-- Task instructions --
Copy everything in the listing below word for word, apart from any images.

-- Dataset excerpt --
- - -
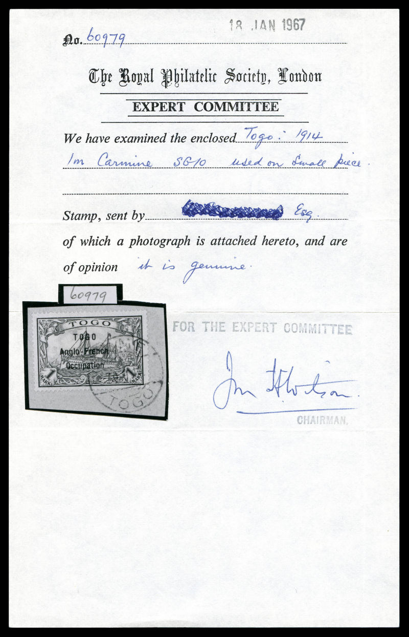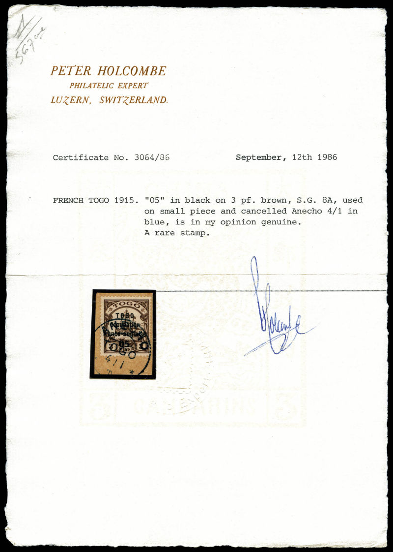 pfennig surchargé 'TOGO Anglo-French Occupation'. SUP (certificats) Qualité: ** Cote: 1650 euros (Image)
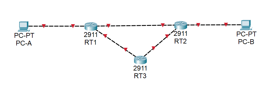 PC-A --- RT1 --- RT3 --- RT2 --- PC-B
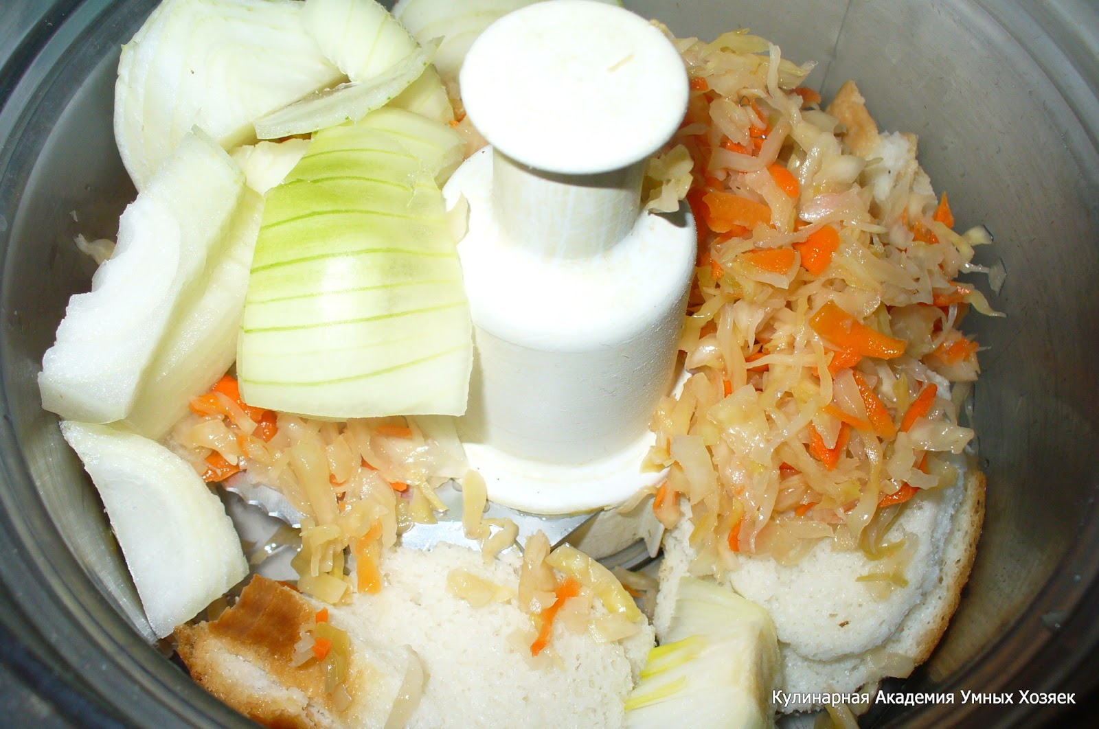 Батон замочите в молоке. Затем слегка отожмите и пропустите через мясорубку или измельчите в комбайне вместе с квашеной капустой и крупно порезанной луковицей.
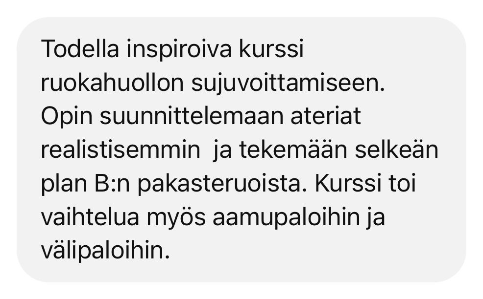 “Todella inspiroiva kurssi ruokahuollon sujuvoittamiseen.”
- - -
-- Exercise result --
 pfennig surchargé 'TOGO Anglo-French Occupation'. SUP (certificats) Qualité: ** Cote: 1650 euros (Image)
 PC-A --- RT1 --- RT3 --- RT2 --- PC-B
 Батон замочите в молоке. Затем слегка отожмите и пропустите через мясорубку или измельчите в комбайне вместе с квашеной капустой и крупно порезанной луковицей.
 “Todella inspiroiva kurssi ruokahuollon sujuvoittamiseen.”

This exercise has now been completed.